This protocol can easily generate zebrafish spheroids, a 3D in vitro model with different potential application in fish toxicity testing. This is a simple and fast method to generate single spheroids of zebrafish cell lines very similar in size and shape. If you follow all the described steps correctly, one should not encounter any problems.
Zebrafish spheroids provides may greatly benefit the mechanism, exploration of chemicals'effects on fish, which helps to improve the environmental safety assessment of products such as cosmetics. Demonstrating the procedure will be Irisdoris Rodrigues de Souza, a doctor in genetics from my laboratory. To begin, take a T75 flask of zebrafish cells at around 80%confluence.
Remove the complete medium, and wash the cells by adding 0.01 molar PBS to the culture flask with a pipet. Wash the culture flask with PBS by gently shaking the flask and then remove the PBS. Add three milliliters of trypsin 0.5 millimolar EDTA to the culture flask, and incubate at 28 degrees Celsius for three minutes.
For the detachment of cells from the flask, gently tap the flask to release the cells. And then stop the trypsin digestion by adding three milliliters of complete culture medium to the flask. Using a pipet, transfer the cell suspension to a 15 milliliter conical centrifuge tube and centrifuge at 100 G for five minutes.
Then carefully remove the supernatant. Add one milliliter of the complete medium for the respective cell line in use and resuspend the pellet using a micropipet. Add 10 microliters of the cell suspension and 10 microliters of Trypan blue dye to a micro tube to count the cells and evaluate their viability.
Mix the cell suspension and dye using a pipet, and transfer 10 microliters of this mixture to a Neubauer chamber. Count the cells in the four large squares or quadrants placed at the corners of the chamber, considering cells that do not take up Trypan blue as viable. Then calculate the number of viable cells using the equation shown on the screen.
Multiply this cell number by two to calculate the final cell number in the cell suspension. After calculating the cell number, adjust the cell suspension to plate 200 microliters of this suspension per well of a 96-well round bottom ULA plate with the number of cells required for each cell line. Prepare the suspension with the adjusted concentration of cells in a medium reservoir and mix it using a multi-channel micropipet without forming foam or bubbles.

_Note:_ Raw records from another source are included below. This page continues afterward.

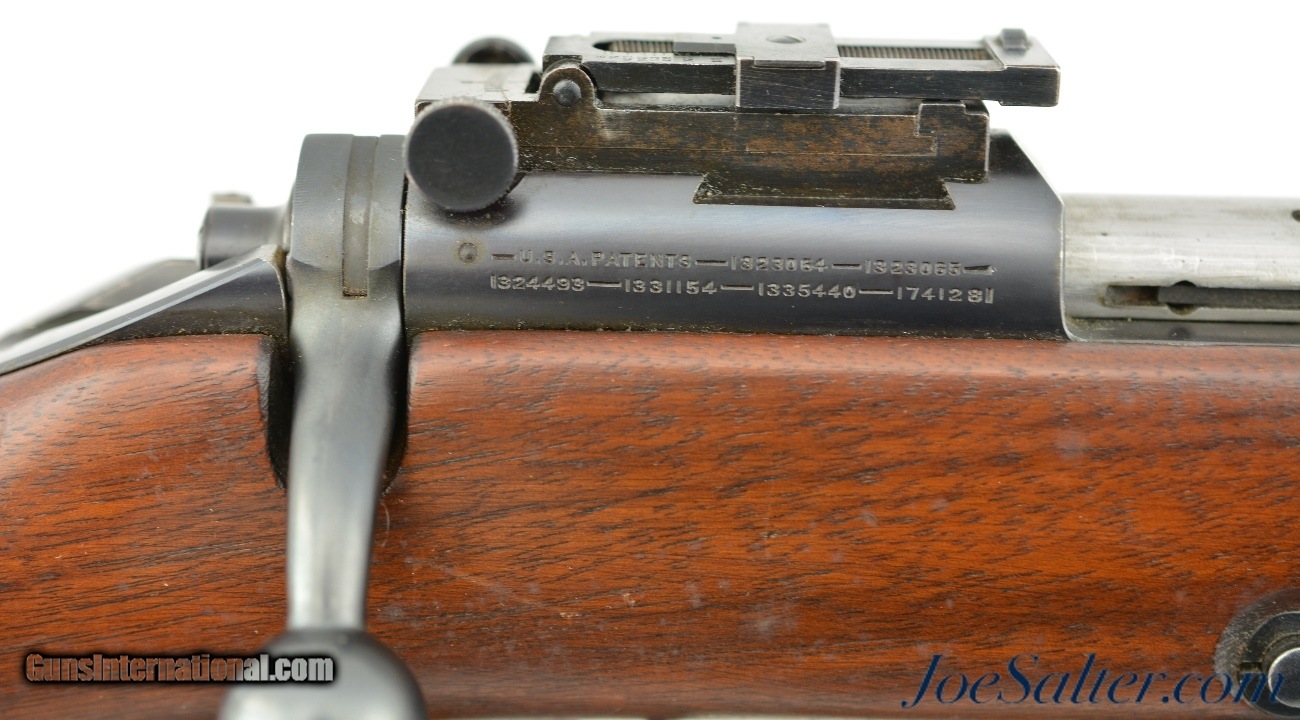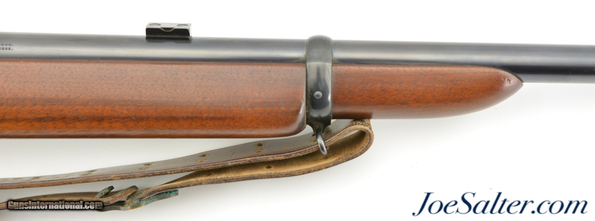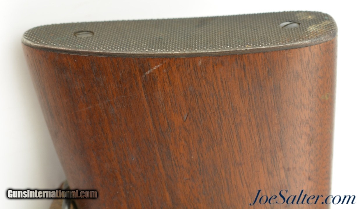 Description: Serial #34811, .22 LR, 28 inch barrel with a bright, excellent bore. This is the Winchester Model 52 Standard rifle manufactured in 1934 featuring the then new Speed Lock and the original model of Laudensack's improved stock with Semi-Beavertail fore-end stock. In excellent condition the barrel and action retain virtually all, 97-98% of the original blue finish with loss at the muzzle and some freckling at the trigger-guard. The stock is in excellent condition. It is equipped with scope blocks and sighted with a redfield front sight with target insert and filp-up adjustable rear sight. Included is an original 10 round Winchester magazine with 1919 patent date and a H.D.C / H&P 1918 dated leather military rifle sling. An excellent Winchester 52 in very high condition. FFL or C&R SOLD Curio/Relic: Yes |
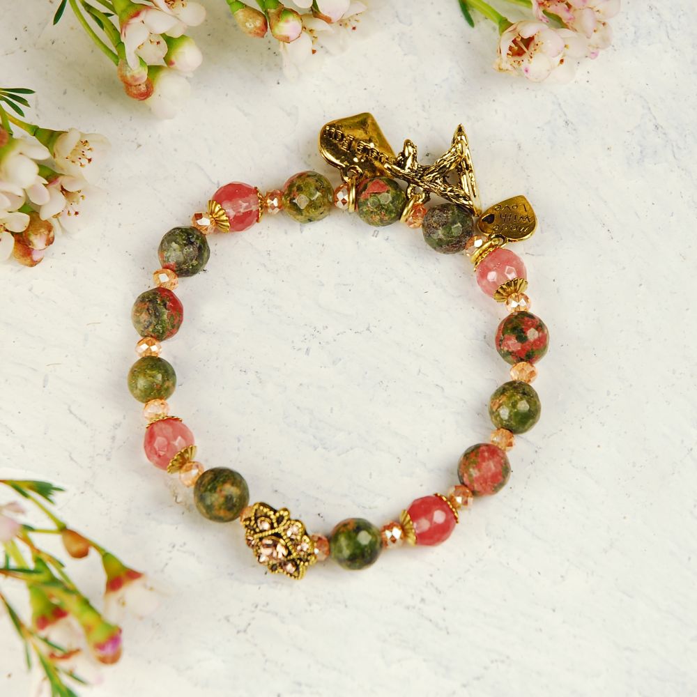 A beautiful vintage style pink and green colour bracelet made with natural unakite gemstone and crystal detail. Measures approx. 0.9cm width
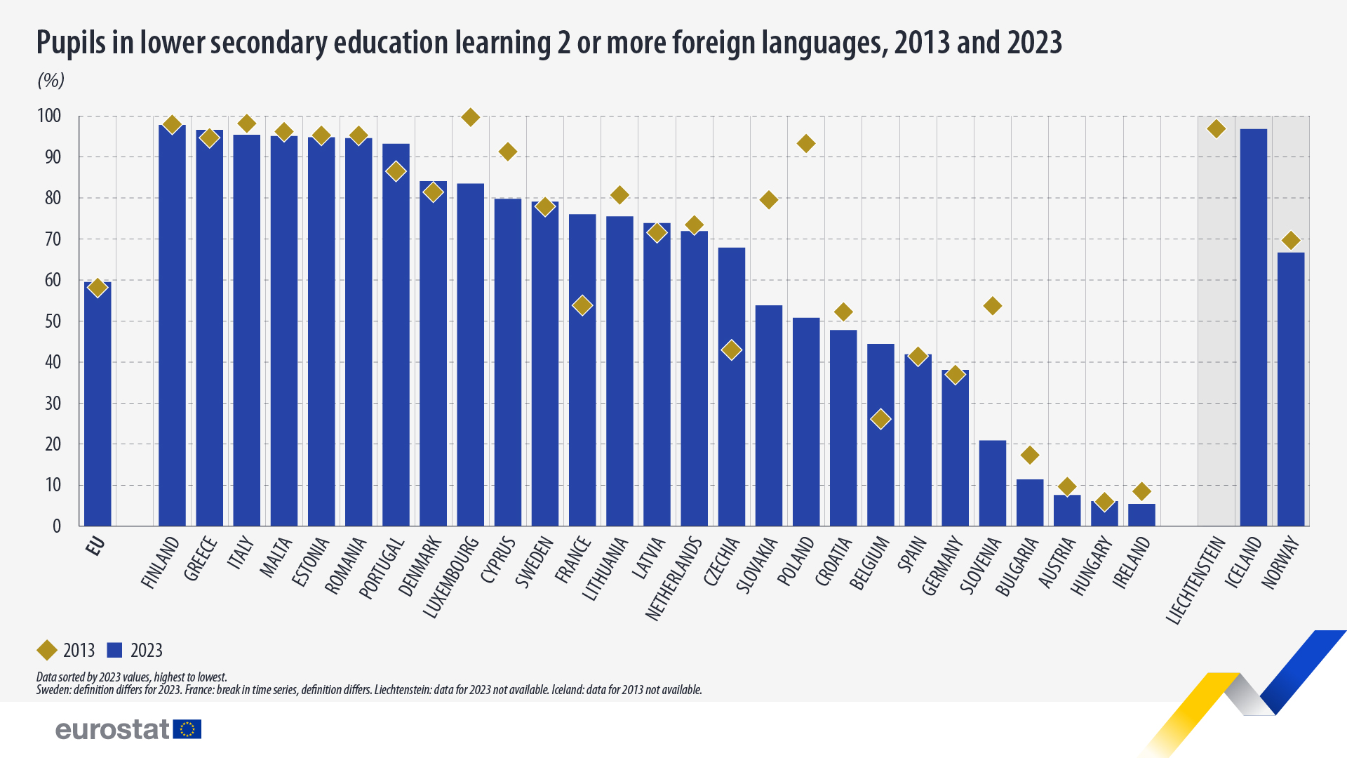 Az alsósok között tizenöt uniós tagállamban nőtt a legalább két nyelvet tanulók aránya, nyolcban csökkent. Előbbiek között van Magyarország is, és ebben a korcsoportban nem is állunk rosszul: az 1,8 százalékos mutató a 16. helyre jó, a régióból megelőzzük vele Ausztriát, Szlovéniát és Csehországot is (de ez az arány magasabb a németek és franciák mutatójánál is).
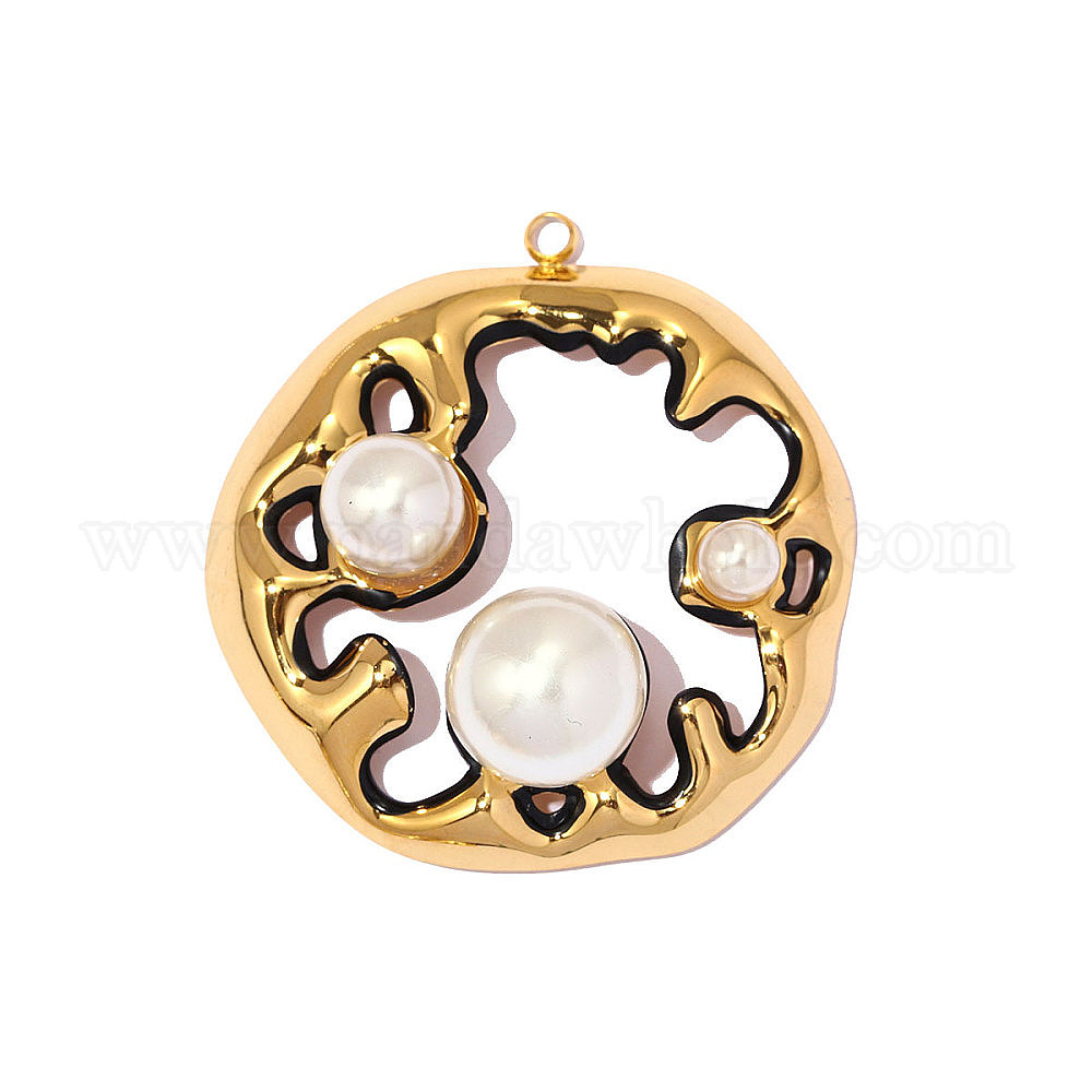 304 нержавеющей стальной эмали подвески, плоский круглый шарм, с ABS имитации жемчуга, ионное покрытие (ip), долговечный, реальный 18 k позолоченный

Add 200 microliters of the adjusted cell suspension to each well of the round bottom ULA plate. using a multi-channel pipette. The plate must be sealed with Parafilm or adhesive sealing foil to avoid culture medium evaporation from the 96-well plate.

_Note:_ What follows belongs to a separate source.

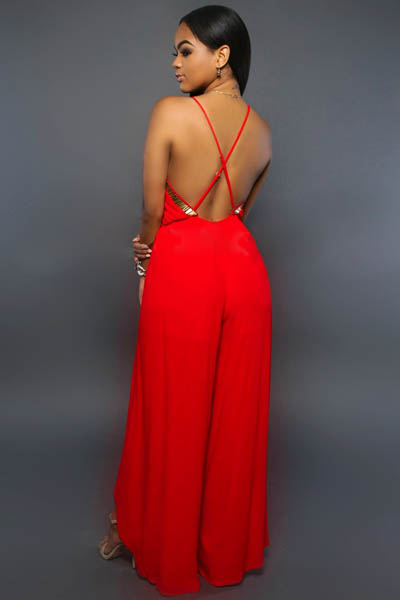 | Brief Sexy & Club V-Neck Sleeveless Spaghetti Strap Loose Floor-Length Jumpsuits L55186-1 |
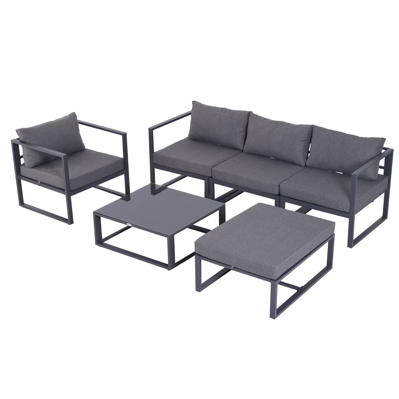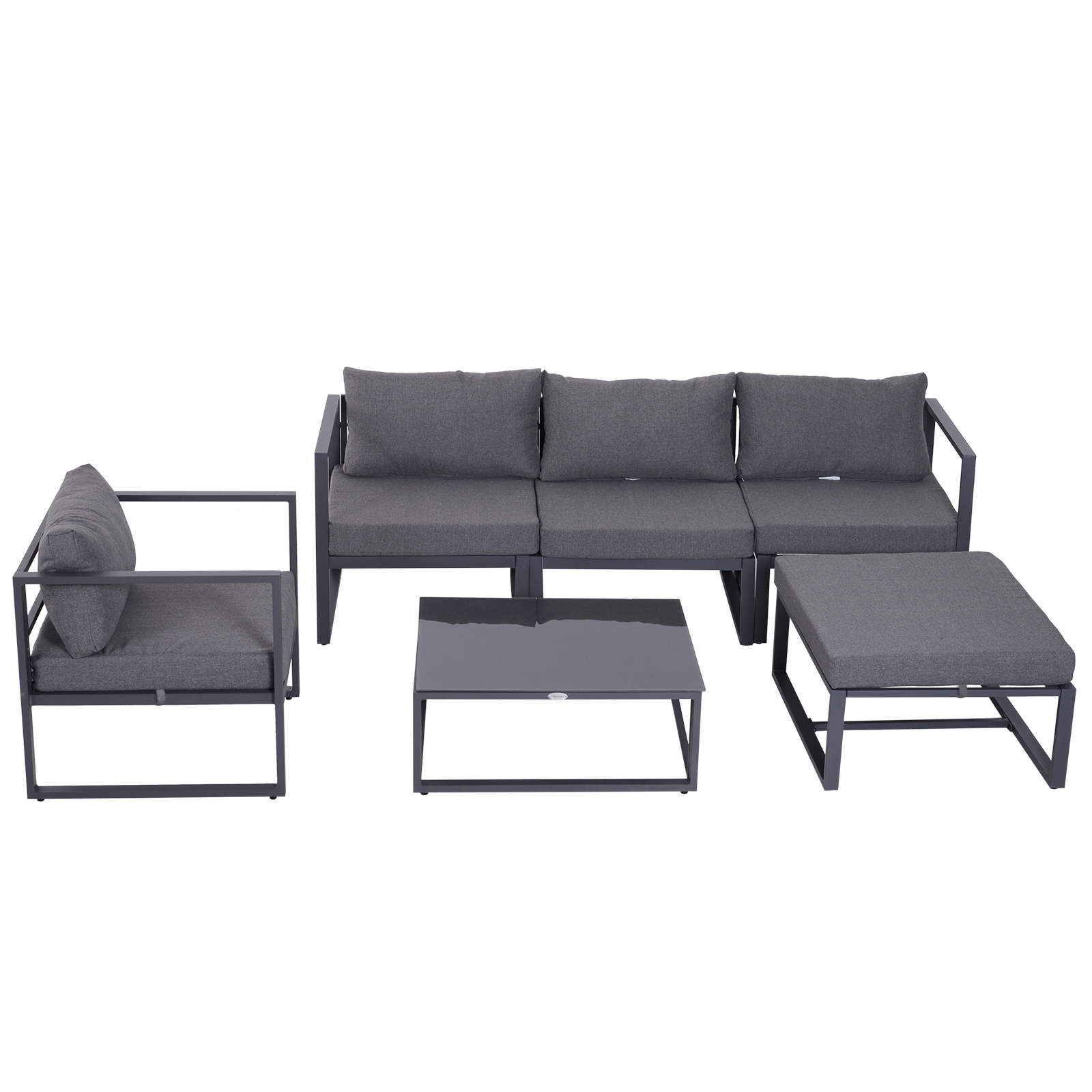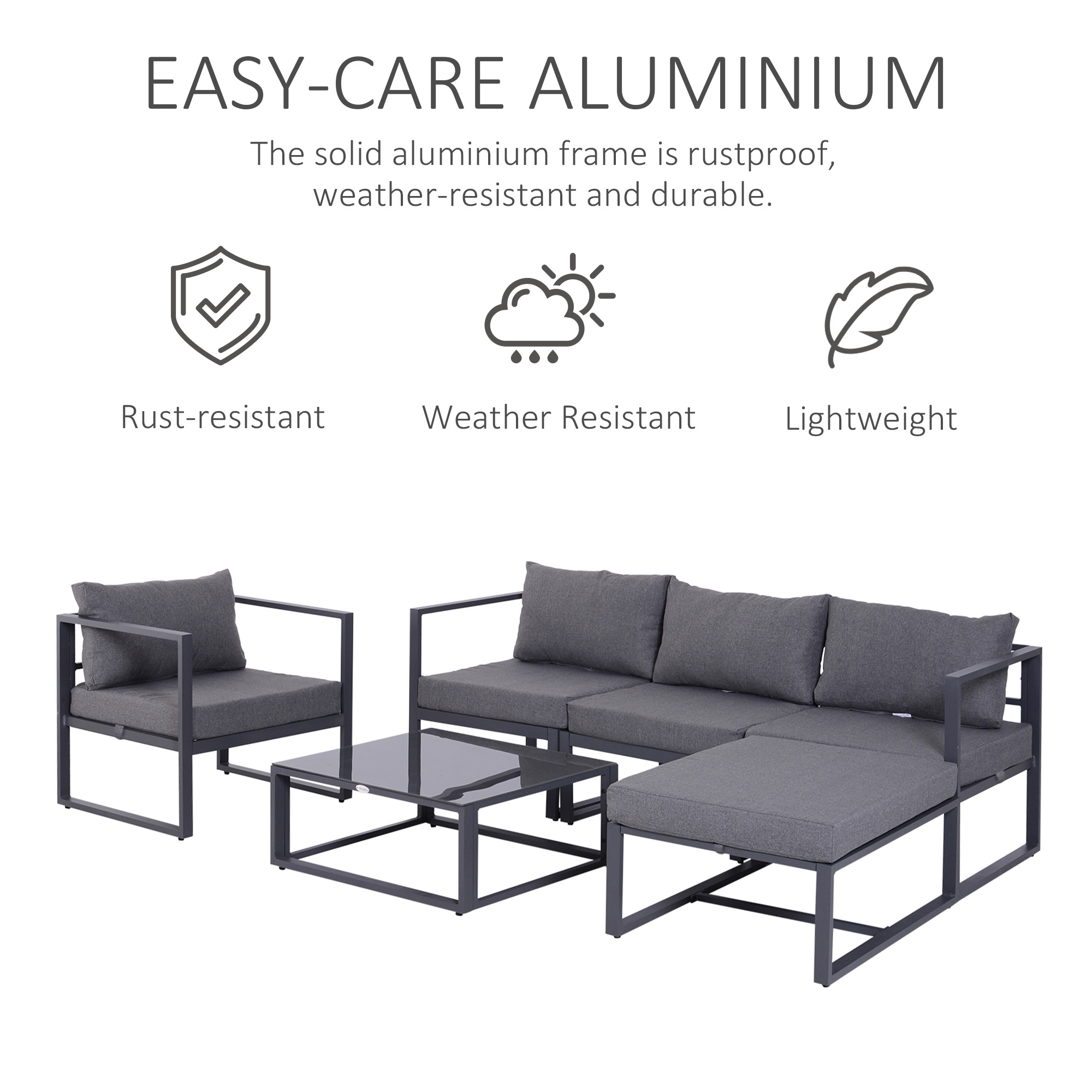 Understatedly stylish and extremely comfortable, this six-piece garden sofa set has it all. The set is made up of a armchair, a middle seat, two corner seats, a large footstool and a table, with all pieces made with a powder-coated aluminium frame for long-lasting use and strength. Plush padded cushions on the seats ensure all day comfort and the covers can be taken off and washed. With a tempered glass top, the coffee table adds a sleek finishing touch to the set.

Incubate the plate on an orbital shaker at 70 RPM for five days in a 28 degrees Celsius incubator without carbon dioxide. After five days, observe the spheroids under an inverted light microscope to evaluate the generated spheroids. To measure their shape and size, obtain pictures of the spheroids, and use software to process and analyze the images.
After setting the software to measure a selected area based on a known scale, select the outer side of the spheroid to determine its area and circularity. The spheroid's area is used to determine its size by calculating the diameter, d, and the software provides the spheroid's circularity by a formula that uses the area and perimeter selected. A ZFL cell aggregate is formed on the first day of orbital shaking.
The cell aggregate increases its circularity on the third day, and reaches an adequate spheroidal shape on day five. A 16-day-old ZFL spheroid in ULA plate is shown here. The ZEM2S cell line forms spheroids from the first day of orbital shaking.
The spheroid maintains its shape and increases in size on the third day, and its maximum circularity is reached on day five. A 10-day-old ZEM2S spheroid in a ULA plate is shown here. The measured size of spheroids of the ZFL and ZEM2S cell lines and the measured circularity index of ZFL and ZEM2S spheroids are shown in this figure.
This graphical image represents the growth pattern of ZFL and ZEM2S spheroids. A ZFL spheroid and ZEM2S spheroid formed after five days of orbital shaking at 100 RPM are shown here. The growth pattern and circularity index of the spheroids formed at 70 and 100 RPM rotational speeds are presented in this figure.
70 RPM is the most adequate speed to form ZFL and ZEM2S spheroids by this method. Staining of cell membranes by Lectin Alexa Fluor 594 and nuclei by DAPI demonstrate the cellular integrity in the core of the spheroids. Fluorescence of resorufin formed by a reduction of AlamarBlue demonstrates viable cells in the core of both the spheroids.
MTT viability assay in 3D culture and 2D culture of the ZEM2S and ZFL cell line is shown here, demonstrating no significant differences. When attempting this procedure, make sure you seal the plates to avoid changing the pH of the culture media and evaporation in the wells. The spheroids can be applied in a variety of in vitro assays to evaluate toxic effects in the fish liver or developmental studies using the embryo ZEM2S cell line.
This protocol can help push forward the development of in vitro fish test, contributing to the progress of no-animal-based ecotoxicity studies.